RECORDED INFORMATION »
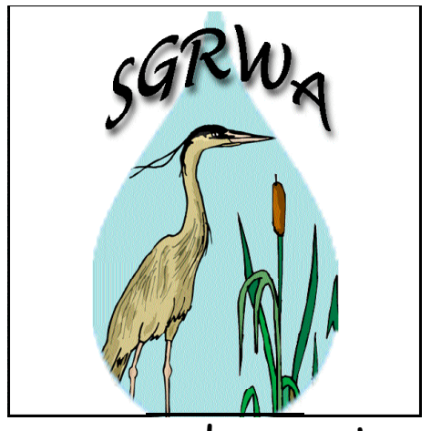
...every drop counts
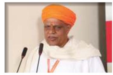
Sri Virendra Singh Mast Hon'ble MP-Bhadohi (Uttar Pradesh)
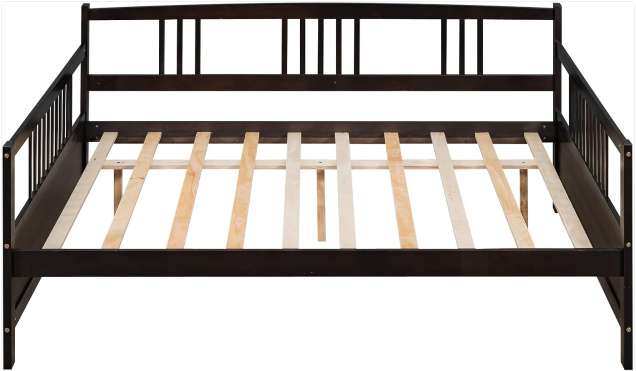
Figure 4.2: Daybed frame with slats, front view.
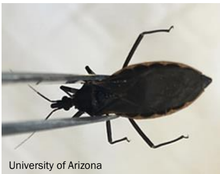
University of Arizona

What: parasitic disease caused by Trypanosoma cruzi
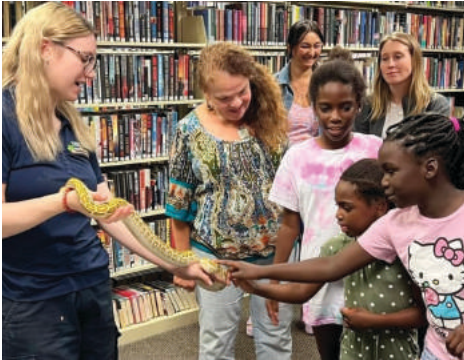
Photo: Children step out of their comfort zone at Goodall Library's Summer Reading Program event.

Tickets are $20 per person; children under age 12 are free. This is the first in a series of events to help the orchard fund their new barn roof. FMI and tickets, go to McDougalOrchards.com .
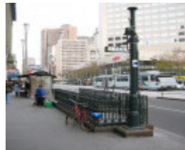
23086 Underground women's toilet Elizabeth St GPO 08 06 06 mz 023
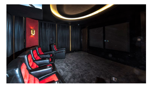
Full closure masking protects the screen when not in use.

We also had the room acoustically treated, which involved installing absorption and bass management panels. The coffered ceiling minimises sound reflection, and adds a touch of elegance with its starfield lighting effect.
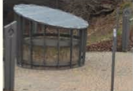
Nodal point/space for mining feature
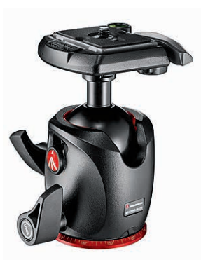
XPRO Magnesium Centre Ball Head with 200PL Plate
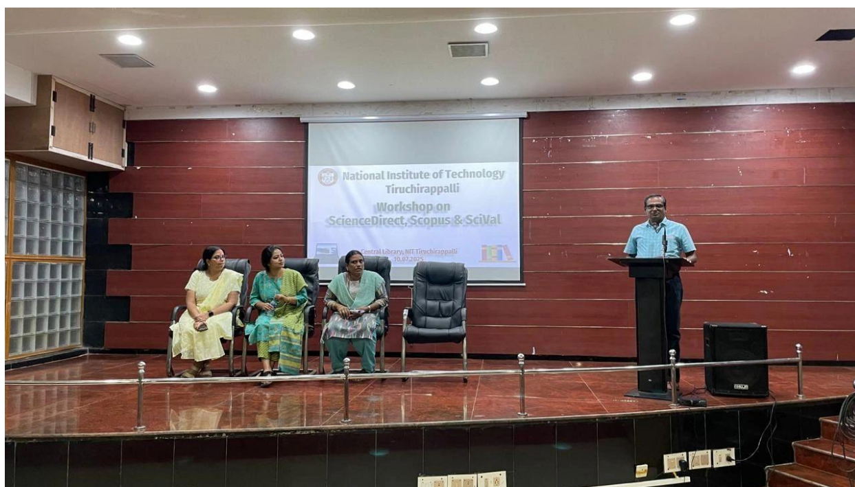
Workshop on ScienceDirect, Scopus & SciVal on 10.07.2025
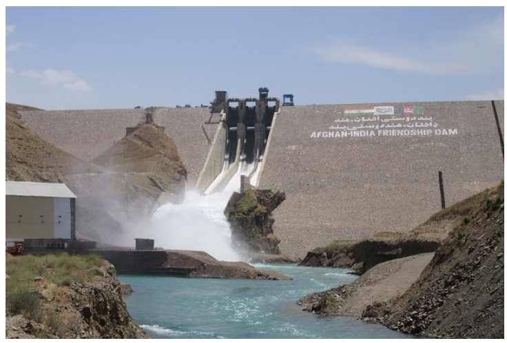
The Afghan-India Friendship Dam, inaugurated by PM Narendra Modi on June 4, 2016, is seen as a sign of hope to bring economic prosperity to the Herat region.

Asia, but the fact remains that targeting terrorist sanctuaries in Pakistan is equally important to Afghanistan's stability and survival as it is to India's security interests. Concerns about Paksponsored cross-border terrorism are also a primary factor which frustrates India's initiatives for broader regional cooperation in South Asia, free from the threat of terrorism. US sensitivity towards and closer coordination on India's Af-Pak security concerns will open up more room for the India-US partnership to progress, in South Asia as well as the broader Indo-Pacific region.
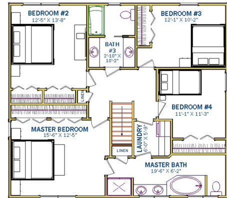
2ND FLOOR PLAN 1152 SQ. FT.
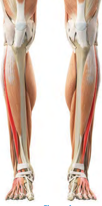
Figure 4: TOE EXTENSOR TENDONS

A final key transfer has to do with the toe extensor tendons that run down the top of the foot (Figure #4). If sufficiently strong, I frequently transfer these tendons into the midfoot, at the top of the arch. The toes no longer deform
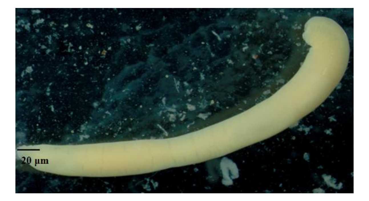
Figure 2. Neoechinorhynchus rutili (Scale: 100 µm-0,1mm)

N. rutili is an acanthocephalan worm. Their body is small and cylindrical. Their proboscis is short and there are 6 hook lines on the proboscis with 3 hooks on each. Their anterior hook is more elongated [16]. Parasites were found in the small intestines of fish. Hemorrhage was observed in areas where the parasites were widespread.
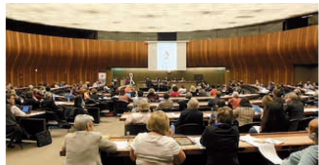
Image of the 'Men and Boys – In Solidarity for Gender Equality' Round Table at the UN in Geneva, 4 November 2014

Engaging men and boys has become essential for any discussion around gender equality issues. Acts and threats of violence, whether occurring in the home or in the community, or perpetrated or condoned by the State, instill fear and insecurity in women's lives and are obstacles to the achievement of equality, peace and development. By launching the White Ribbon Campaign in 2009 in Switzerland, the initiative joins about 60 countries that follow the original Call to Action to men and boys, and also to women and girls, to mobilize them to pledge not to commit, condone or remain silent about violence against women and girls. Women are speaking up and out, and men's voices need to be heard more loudly to make the end of violence a global reality.
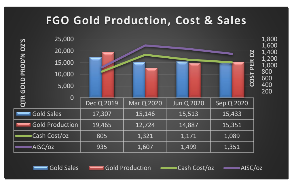
Figure 1: FGO Gold Production and Costs

FGO performance over 12-months is illustrated in the Figure below.
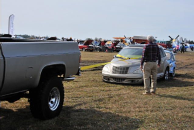
Where there's a will, there's a way.
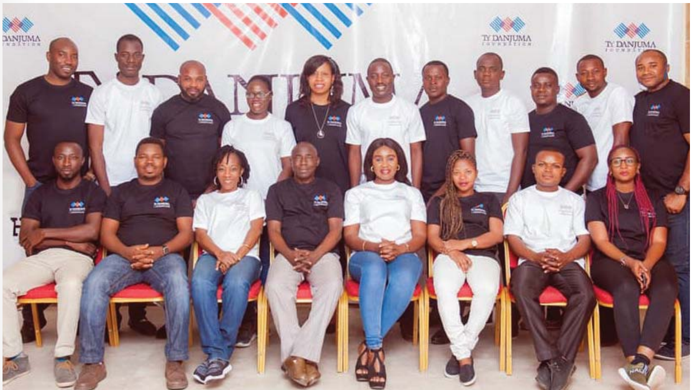
TYDF Staff After the 2019 Retreat

At the beginning of the year, the Foundation organised a retreat for its staff. Those in Taraba and Edo State offices joined the Abuja office at a location for the yearly ritual. Activities in the retreat include team building, year work planning, setting work objectives, appreciation of job done, and review of lessons learned from the previous year. The retreat this year ended with a movie at the cinema.
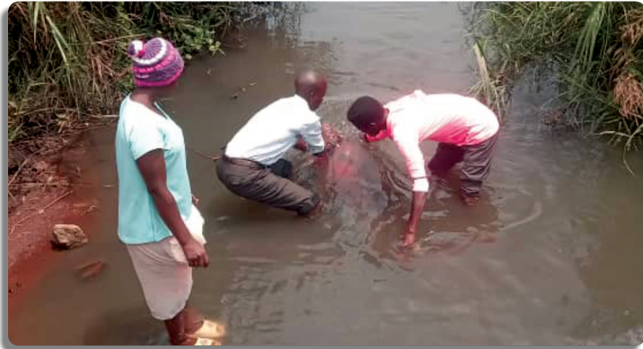
Baptism in a River in Uganda

While things are still quiet at the school in Uganda, progress is being made towards resolving the problems and finding closure. We believe we are nearing the point of regaining the land, which means we can think about restarting classes. Please pray for a positive outcome.
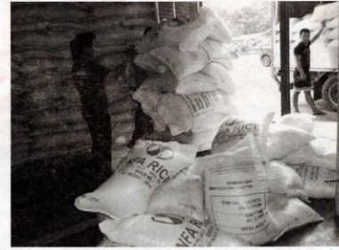
National Food Authority (NFA) had already issued a total of 2,191,733 bags of rice to various local government units (LGUs), the Department of Social Welfare and Development (DSWD), legislators, and other relief institutions, for distribution to affected families.

"I can't thank them enough and a lot of other people have donated, some in kind. We're putting all the donations together. The Ayala Group, they were the ones who retrofitted the laboratories. They put in their construction people, who are quite good in putting all the equipment together, including the negative pressure. This one was completed in five days," Gordon said. (PRC)

ABOUT THIS EXERCISE »
The total alone is wanted: how many lines in the listing above contain "India".

SOLUTION TO THIS EXERCISE »
2